=== Data for this exercise ===
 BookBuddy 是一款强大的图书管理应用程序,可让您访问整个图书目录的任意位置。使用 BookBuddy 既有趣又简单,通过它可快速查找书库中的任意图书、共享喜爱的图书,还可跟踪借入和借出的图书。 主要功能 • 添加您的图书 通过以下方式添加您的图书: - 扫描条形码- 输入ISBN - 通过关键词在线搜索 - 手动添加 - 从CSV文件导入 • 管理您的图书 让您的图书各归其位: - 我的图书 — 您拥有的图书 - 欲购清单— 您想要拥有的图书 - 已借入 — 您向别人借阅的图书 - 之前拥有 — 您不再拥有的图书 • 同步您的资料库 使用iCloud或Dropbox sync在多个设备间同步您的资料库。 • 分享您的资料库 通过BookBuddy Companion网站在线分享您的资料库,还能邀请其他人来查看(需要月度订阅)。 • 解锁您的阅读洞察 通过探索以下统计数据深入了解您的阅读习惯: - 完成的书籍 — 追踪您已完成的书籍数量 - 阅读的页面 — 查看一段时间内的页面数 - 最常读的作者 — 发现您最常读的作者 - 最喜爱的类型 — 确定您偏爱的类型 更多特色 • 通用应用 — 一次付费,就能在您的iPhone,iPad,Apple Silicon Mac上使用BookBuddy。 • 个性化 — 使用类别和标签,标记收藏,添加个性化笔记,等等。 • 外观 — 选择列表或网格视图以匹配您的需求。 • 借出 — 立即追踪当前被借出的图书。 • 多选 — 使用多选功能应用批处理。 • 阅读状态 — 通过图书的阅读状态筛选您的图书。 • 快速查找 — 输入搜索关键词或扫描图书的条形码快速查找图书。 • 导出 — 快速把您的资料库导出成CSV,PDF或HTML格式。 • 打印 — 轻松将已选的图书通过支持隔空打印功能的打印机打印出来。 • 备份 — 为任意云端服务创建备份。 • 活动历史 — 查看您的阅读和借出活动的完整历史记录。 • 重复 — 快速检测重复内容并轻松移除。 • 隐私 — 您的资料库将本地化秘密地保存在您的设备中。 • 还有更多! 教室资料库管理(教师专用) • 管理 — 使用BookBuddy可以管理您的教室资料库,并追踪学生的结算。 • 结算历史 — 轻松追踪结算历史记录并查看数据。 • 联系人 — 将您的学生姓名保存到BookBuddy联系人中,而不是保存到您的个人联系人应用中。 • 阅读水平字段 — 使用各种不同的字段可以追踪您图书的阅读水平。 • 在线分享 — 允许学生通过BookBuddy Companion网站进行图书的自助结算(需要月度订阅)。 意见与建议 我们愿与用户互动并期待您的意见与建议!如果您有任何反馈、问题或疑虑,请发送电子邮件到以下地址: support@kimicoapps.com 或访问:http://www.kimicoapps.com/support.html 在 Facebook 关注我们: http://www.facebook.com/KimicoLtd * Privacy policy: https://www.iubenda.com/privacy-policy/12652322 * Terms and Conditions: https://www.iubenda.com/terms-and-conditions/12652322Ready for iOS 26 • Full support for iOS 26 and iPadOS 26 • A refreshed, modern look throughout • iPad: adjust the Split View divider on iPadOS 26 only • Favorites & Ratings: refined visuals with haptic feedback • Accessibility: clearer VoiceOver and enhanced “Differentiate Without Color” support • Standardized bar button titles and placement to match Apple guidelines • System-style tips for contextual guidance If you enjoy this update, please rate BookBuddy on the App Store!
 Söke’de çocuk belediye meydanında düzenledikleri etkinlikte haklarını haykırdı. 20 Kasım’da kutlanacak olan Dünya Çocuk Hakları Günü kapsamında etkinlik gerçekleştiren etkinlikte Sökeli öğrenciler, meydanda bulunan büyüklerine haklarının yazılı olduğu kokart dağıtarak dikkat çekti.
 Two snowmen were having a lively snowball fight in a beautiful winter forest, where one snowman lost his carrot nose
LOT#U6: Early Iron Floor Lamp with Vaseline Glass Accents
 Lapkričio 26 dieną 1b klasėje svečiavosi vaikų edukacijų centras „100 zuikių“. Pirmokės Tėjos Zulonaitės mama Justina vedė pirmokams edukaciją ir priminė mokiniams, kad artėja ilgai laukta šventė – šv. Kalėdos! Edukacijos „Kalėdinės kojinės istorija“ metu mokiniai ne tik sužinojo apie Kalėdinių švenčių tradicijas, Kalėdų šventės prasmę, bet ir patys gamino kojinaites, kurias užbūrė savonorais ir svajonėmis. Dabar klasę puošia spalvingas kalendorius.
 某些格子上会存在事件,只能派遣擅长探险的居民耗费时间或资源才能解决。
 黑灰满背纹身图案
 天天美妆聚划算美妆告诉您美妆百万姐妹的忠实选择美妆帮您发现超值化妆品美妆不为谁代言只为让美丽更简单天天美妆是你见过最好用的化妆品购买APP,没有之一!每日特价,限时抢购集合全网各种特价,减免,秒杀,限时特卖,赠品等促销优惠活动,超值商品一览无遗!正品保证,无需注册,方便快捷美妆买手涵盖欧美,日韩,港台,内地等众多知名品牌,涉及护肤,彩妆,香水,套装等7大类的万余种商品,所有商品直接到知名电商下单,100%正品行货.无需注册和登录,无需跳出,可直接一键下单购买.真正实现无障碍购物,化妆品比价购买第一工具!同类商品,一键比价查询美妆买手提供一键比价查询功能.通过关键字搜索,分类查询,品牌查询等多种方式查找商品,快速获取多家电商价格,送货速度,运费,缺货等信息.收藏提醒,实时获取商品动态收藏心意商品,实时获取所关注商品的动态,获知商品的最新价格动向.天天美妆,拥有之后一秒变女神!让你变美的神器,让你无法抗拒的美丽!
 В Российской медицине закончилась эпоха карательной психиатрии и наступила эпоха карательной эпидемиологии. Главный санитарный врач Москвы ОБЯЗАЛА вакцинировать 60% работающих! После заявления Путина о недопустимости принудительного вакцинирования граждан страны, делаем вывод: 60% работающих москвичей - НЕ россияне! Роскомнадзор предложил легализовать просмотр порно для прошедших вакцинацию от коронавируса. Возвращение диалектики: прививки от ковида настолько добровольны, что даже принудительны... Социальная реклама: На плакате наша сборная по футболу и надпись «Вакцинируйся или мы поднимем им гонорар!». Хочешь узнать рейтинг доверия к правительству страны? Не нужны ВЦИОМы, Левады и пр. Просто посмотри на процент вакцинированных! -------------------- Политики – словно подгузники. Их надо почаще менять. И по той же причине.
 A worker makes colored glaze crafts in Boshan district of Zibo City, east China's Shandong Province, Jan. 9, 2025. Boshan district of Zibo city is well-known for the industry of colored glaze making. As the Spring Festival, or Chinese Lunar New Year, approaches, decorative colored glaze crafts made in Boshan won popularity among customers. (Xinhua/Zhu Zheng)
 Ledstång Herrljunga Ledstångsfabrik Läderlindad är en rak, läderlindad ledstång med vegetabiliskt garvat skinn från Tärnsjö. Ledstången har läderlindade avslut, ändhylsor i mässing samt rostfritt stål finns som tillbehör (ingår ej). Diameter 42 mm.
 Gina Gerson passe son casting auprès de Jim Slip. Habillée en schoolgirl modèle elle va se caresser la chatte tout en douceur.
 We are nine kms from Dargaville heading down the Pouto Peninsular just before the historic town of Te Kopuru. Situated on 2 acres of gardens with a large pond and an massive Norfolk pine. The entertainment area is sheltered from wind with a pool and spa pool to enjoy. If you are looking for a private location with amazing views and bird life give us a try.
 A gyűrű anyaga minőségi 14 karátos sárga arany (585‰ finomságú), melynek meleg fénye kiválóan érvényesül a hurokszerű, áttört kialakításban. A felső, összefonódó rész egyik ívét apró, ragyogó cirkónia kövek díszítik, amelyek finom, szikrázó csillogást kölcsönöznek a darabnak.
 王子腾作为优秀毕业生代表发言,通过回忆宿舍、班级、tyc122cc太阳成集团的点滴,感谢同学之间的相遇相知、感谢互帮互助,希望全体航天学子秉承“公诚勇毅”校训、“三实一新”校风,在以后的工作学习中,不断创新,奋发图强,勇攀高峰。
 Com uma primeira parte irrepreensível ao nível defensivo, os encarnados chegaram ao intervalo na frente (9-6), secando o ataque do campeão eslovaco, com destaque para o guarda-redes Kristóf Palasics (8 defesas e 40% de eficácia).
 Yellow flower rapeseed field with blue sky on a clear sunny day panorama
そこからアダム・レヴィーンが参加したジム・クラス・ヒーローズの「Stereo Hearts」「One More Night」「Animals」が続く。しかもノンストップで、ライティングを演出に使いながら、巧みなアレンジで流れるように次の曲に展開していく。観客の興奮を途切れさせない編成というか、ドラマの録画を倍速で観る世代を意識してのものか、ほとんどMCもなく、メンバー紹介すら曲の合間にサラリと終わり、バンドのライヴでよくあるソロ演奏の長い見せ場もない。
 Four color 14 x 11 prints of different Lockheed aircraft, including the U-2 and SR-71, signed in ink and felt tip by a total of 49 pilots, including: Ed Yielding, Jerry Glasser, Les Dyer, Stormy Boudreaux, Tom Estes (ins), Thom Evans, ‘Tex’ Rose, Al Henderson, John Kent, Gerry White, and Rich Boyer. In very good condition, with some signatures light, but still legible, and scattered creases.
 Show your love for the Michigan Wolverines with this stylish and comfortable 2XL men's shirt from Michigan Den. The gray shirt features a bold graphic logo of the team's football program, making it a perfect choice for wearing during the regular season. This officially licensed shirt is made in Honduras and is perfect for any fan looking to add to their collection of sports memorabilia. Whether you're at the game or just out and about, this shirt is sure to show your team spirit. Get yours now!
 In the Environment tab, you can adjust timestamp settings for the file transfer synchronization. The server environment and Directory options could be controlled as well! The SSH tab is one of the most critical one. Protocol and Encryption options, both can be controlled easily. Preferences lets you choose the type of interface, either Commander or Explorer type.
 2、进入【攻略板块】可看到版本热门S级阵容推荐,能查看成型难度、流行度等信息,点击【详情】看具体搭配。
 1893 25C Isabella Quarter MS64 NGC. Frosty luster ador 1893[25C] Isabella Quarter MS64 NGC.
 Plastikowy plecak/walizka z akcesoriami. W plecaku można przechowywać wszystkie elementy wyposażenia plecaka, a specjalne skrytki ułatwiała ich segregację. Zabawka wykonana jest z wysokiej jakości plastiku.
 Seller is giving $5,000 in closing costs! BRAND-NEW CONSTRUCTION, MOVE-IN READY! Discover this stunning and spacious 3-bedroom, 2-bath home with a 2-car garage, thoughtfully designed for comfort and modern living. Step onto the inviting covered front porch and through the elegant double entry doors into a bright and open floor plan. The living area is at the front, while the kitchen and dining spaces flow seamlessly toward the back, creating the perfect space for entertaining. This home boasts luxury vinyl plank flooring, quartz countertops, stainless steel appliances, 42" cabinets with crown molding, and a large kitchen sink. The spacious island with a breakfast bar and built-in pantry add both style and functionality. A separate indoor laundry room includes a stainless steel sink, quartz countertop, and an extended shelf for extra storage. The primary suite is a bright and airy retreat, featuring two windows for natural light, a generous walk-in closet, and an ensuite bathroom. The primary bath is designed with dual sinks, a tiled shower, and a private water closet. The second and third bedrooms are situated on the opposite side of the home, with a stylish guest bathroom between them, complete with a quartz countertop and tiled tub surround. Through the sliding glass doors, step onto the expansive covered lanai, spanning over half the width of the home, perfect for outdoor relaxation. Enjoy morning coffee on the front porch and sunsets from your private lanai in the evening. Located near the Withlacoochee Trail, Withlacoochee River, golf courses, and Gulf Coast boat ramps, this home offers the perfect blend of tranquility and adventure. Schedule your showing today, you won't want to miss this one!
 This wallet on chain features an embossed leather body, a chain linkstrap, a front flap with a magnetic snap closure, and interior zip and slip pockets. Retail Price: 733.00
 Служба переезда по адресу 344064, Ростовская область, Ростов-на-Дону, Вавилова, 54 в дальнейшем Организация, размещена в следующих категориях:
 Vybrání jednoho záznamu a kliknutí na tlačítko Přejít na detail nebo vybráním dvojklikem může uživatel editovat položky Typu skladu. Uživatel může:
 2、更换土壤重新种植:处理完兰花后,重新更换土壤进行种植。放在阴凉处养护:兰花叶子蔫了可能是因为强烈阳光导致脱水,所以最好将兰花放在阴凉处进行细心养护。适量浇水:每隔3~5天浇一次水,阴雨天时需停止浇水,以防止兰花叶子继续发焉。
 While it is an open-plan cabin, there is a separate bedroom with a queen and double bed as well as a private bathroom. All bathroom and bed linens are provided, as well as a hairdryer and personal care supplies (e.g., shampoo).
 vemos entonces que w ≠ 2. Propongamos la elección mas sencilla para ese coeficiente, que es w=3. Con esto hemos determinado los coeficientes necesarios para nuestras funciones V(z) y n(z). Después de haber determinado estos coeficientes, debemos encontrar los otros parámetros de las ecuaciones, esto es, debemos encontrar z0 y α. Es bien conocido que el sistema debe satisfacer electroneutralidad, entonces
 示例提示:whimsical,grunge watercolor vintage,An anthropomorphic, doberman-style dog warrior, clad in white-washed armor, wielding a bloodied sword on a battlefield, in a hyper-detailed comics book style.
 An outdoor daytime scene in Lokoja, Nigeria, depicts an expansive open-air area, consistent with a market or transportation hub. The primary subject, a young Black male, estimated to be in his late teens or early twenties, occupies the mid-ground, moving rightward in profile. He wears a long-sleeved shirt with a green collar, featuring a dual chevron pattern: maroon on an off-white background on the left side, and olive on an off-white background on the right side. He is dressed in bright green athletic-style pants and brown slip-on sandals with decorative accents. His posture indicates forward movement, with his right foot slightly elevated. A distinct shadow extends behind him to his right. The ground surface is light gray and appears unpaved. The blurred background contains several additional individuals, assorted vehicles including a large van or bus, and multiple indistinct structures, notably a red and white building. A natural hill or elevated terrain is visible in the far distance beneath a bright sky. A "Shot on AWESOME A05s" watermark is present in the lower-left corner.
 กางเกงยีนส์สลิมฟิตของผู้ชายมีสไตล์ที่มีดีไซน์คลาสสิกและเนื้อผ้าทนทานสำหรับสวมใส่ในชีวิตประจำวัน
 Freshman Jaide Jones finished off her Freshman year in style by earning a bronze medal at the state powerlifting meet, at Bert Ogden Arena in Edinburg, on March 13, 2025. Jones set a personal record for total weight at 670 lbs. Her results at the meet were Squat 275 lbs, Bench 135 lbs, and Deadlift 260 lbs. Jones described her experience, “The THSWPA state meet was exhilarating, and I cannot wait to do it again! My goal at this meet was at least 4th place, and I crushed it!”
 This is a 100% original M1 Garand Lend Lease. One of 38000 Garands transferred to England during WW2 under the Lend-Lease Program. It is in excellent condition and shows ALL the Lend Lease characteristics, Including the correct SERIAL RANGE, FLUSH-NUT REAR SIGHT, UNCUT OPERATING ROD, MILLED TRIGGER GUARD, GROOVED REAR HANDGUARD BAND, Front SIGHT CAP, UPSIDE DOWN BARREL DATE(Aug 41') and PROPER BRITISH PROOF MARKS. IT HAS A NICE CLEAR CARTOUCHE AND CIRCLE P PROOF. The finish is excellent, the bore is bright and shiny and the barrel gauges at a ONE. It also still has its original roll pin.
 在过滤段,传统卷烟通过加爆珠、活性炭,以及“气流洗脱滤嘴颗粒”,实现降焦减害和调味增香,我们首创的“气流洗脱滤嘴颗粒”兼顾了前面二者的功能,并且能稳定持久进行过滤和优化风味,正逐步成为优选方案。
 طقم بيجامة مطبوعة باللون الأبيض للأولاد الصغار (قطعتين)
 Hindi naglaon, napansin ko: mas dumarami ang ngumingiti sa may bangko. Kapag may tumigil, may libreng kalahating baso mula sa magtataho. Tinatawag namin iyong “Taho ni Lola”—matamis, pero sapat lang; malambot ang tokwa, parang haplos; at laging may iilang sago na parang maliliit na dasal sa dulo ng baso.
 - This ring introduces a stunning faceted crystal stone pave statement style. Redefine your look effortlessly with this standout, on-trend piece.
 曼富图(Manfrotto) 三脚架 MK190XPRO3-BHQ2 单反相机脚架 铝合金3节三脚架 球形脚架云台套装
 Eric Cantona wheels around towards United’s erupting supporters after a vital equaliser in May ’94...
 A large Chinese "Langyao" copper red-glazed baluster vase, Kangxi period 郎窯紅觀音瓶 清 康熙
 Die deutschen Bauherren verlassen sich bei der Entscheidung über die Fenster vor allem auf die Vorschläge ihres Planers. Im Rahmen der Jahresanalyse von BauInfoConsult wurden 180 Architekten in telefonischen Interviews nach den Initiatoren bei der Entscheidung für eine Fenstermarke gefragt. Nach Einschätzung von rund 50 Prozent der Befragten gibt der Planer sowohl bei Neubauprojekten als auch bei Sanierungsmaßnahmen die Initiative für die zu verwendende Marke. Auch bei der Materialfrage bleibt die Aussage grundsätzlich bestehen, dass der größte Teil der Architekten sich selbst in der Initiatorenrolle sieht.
===
Wherever a line in the entries holds "made", copy that line.

 A worker makes colored glaze crafts in Boshan district of Zibo City, east China's Shandong Province, Jan. 9, 2025. Boshan district of Zibo city is well-known for the industry of colored glaze making. As the Spring Festival, or Chinese Lunar New Year, approaches, decorative colored glaze crafts made in Boshan won popularity among customers. (Xinhua/Zhu Zheng)
 Show your love for the Michigan Wolverines with this stylish and comfortable 2XL men's shirt from Michigan Den. The gray shirt features a bold graphic logo of the team's football program, making it a perfect choice for wearing during the regular season. This officially licensed shirt is made in Honduras and is perfect for any fan looking to add to their collection of sports memorabilia. Whether you're at the game or just out and about, this shirt is sure to show your team spirit. Get yours now!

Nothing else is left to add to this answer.